Максуд понимал ее состояние. И осознавал, что ничем не может ее утешить. Горе было неожиданным, внезапным и оттого еще более страшным. Они услышали чьи-то шаги и обернулись. Это вышел из дома отец. Халида, пробормотав извинения, повернулась и поспешила в дом. Отец подошел к Максуду. Взглянул на него. Потом молча прошел дальше и сел на скамейку. Посмотрел еще раз на Максуда, словно приглашая его сесть рядом. Максуд понял его взгляд. Уселся рядом. Они долго молчали. Минут пятнадцать или двадцать. Наконец отец сказал:
— Завтра будет три дня. Приедут люди из Махачкалы.

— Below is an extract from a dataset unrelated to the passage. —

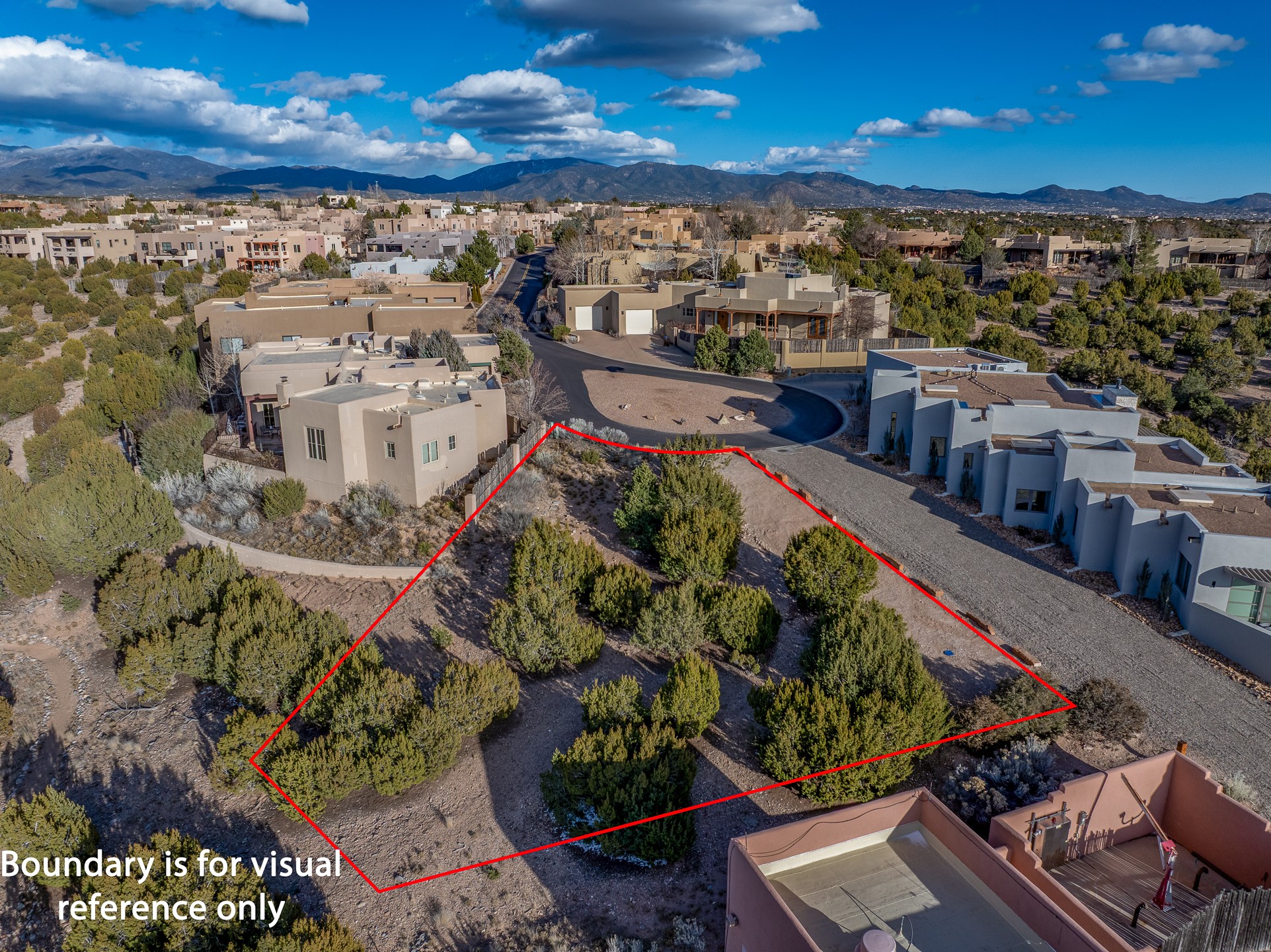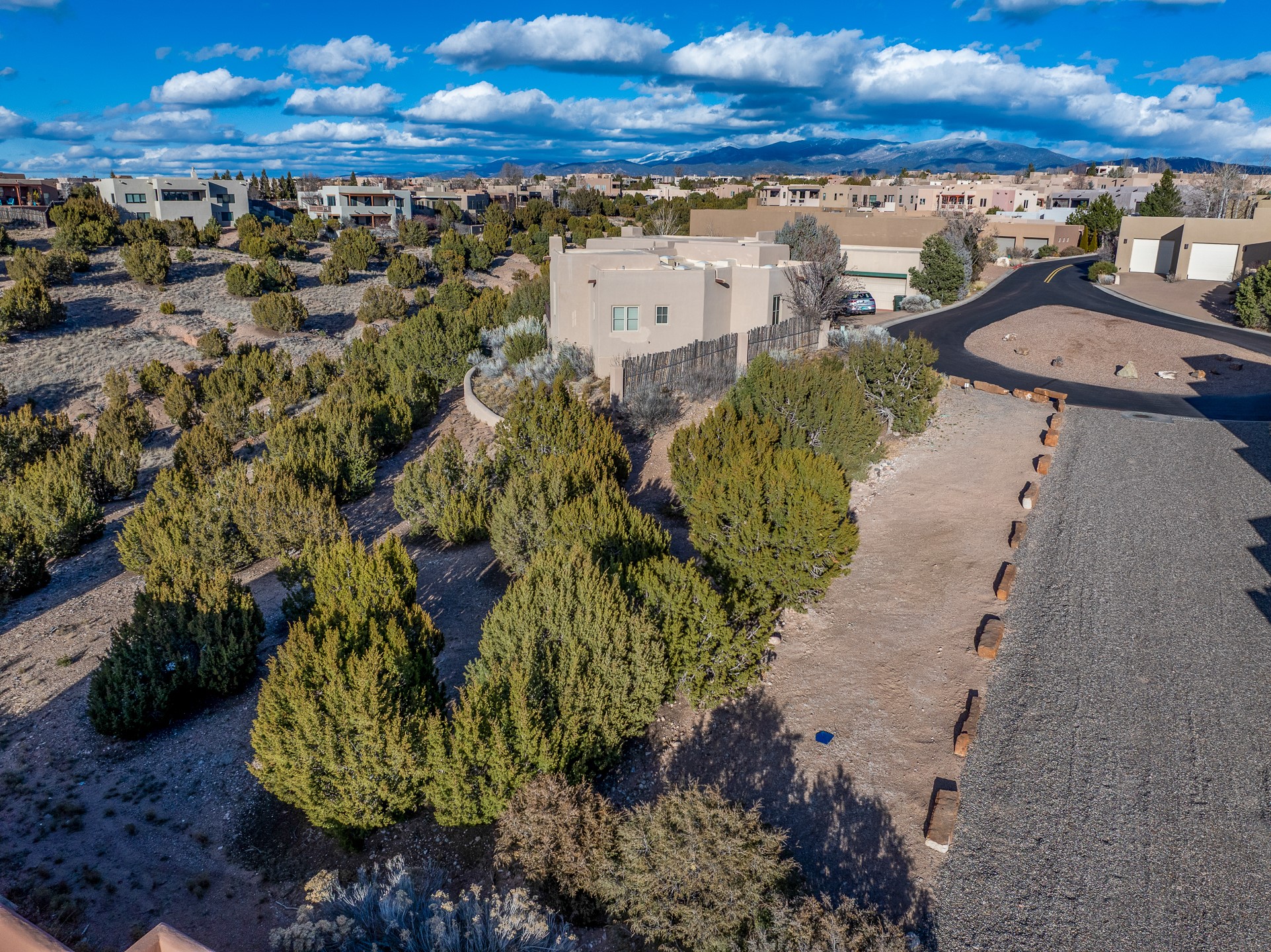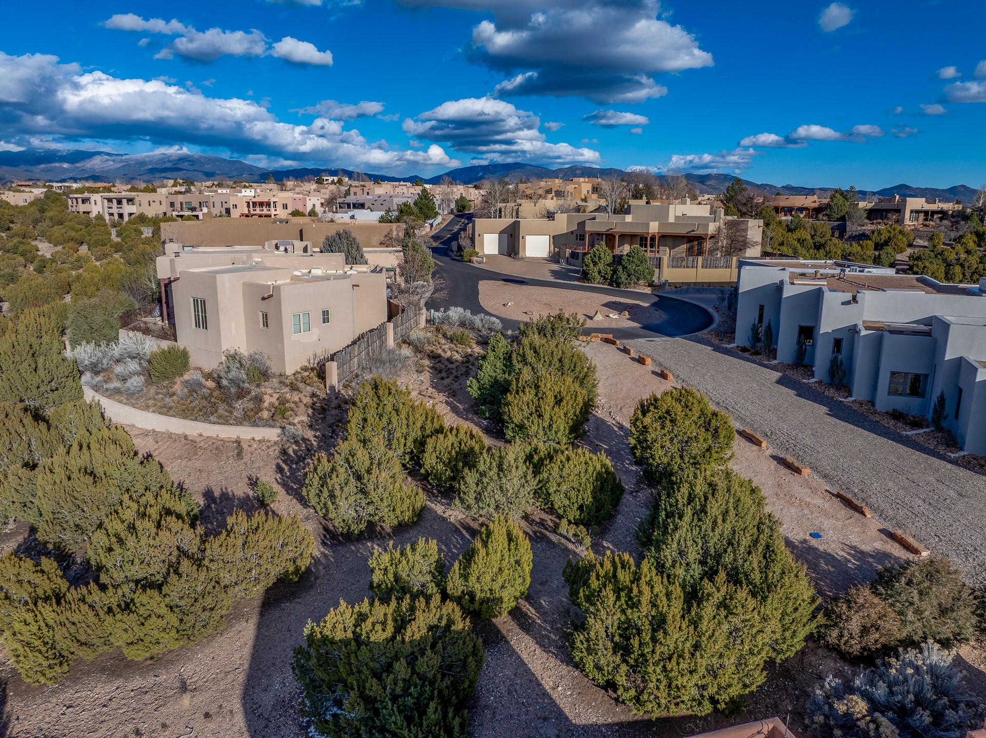 A rare opportunity to build your dream home on one of the final remaining lots in sought-after Aldea de Santa Fe. Tucked away on a quiet cul-de-sac, this premium homesite offers unobstructed sunset views toward the Jemez Mountains and effortless access from the street--an ideal canvas for thoughtful architectural design. Floor plans have been rendered to give you an idea of what you can build.The lot gently backs to open space and a nearby community walking trail, providing both privacy and a seamless connection to Aldea's expansive natural landscape. Mature tree cover and native vegetation enhance the setting, creating a beautiful balance of serenity and village-style living.Aldea is celebrated for its miles of preserved open space, paved streets, and welcoming Community Plaza. Residents enjoy tennis courts and an active neighborhood atmosphere, all just minutes from downtown Santa Fe.All public utilities are readily accessible, including gas and electric at the street, with connections available to community sewer and Santa Fe County water (meter required).An exceptional setting to create a custom residence that embraces panoramic views, brilliant sunsets, and the distinctive lifestyle Aldea is known for.

Ты сможешь быть рядом со мной?
— Конечно. Я буду сидеть рядом, — кивнул Максуд, — обязательно буду рядом.
— Будь осторожен, — вздохнул отец, — это проклятая вражда длится уже столько лет! А сейчас еще у нас идет война. И мой брат был судьей, а твой брат заместителем председателя исполкома. Я думаю, что убийцам еще и платили за их преступления.
— Не волнуйся, — сказал Максуд, глядя перед собой, — мы найдем и уничтожим всех наших кровников, чтобы раз и навсегда покончить с этой враждой.
— Так не получится, — возразил отец. — Потом у них вырастут дети, и к тому времени вырастут и наши внуки. Все начнется по-новому. В пятидесятые годы все думали, что больше кровников не будет никогда. Здесь появилась настоящая власть, которая строго наказывала за такие преступления. А в девяносто первом власти не стало. И все началось опять. И не только с нашей семьей. Все стали вспоминать свои ссоры и обиды. Ингуши начали враждовать с осетинами, лезгины с чеченцами, абхазы с грузинами, армяне с азербайджанцами. Как будто все сошли с ума. А все потому, что у нас не было никакой власти. И сейчас нет. Если бандиты могут приходить в село и убивать представителя власти.
Максуд молчал. Он понимал, что отец прав. После разговора с Салимом осталось чувство недосказанности. Он так до конца и не понял, что именно собираются делать его родственники. Если раньше он считал, что они просто выйдут в горы искать банду, то теперь понимал наивность подобных рассуждений. Очевидно, у Салима с самого начала был иной план, в который он не собирался посвящать никого. На скамейке около дерева, которое посадил Кадыр Намазов, они с отцом просидели еще часа два. Отец задавал вопросы, Максуд отвечал. Они уже давно так не сидели вдвоем, и Максуд почувствовал легкое угрызение совести. Он обязан был приезжать сюда чаще и беседовать с отцом. Это было нужно не только его отцу, это было еще нужнее ему самому.